Can you give an example of when to use one of the original  sentences. Please


----------



## mirx

scholar visari said:


> Can you give an example of when to use one of the original  sentences. Please


  Let's imagine there's more people been referred to in the conversation. You star by saying "Lo conozco", then you realize that you haven't been specific and that "lo" could be any one of those previously mentioned; you can then add "a Hugo". 
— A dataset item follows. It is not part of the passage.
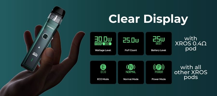 The device features the first-ever screen in the Vaporesso XROS series, displaying the wattage, puff count, and battery level, with adjustable wattage in 0.5W increments for the 0.4Ω (ohm) pod.

Be aware that this may only work in conversation where context and rythm make up for any semantic mishaps.


----------



## Magnalp

> *b) * En el español general, el complemento  directo tónico pospuesto al verbo no suele admitir la coaparición del  pronombre átono, salvo que se trate también de un pronombre personal,  caso en el que es obligada (→ 5.1). Solo es normal la duplicación en todo el ámbito hispánico cuando el complemento directo tónico es el pronombre _todo:_ _Lo sé todo; (Las) conozco a todas;_ cuando, con referente animado, el complemento directo es un numeral precedido de artículo: _(Los) invité a los cuatro;_ o cuando se trata del indefinido _uno_ y su referente es la persona que habla: _Si la ven a una vacilar, enseguida se aprovechan_. También favorecen la duplicación del complemento directo las oraciones de carácter enfático, como _Ya lo creo que vendrá_ o _¡Vaya si las castigo a las niñas!_ La duplicación del complemento directo en otros casos (_Lo vi a Juan; La saludé a María_)  es ajena a la norma culta de gran parte del ámbito hispánico, pero es  normal en algunas regiones americanas, especialmente en los países del  Río de la Plata: *«Al pasar la madre cerca del baño la vio a Mariana tomando comprimidos»* (Rausch/Bay _Anorexia_ [Arg. 1990]).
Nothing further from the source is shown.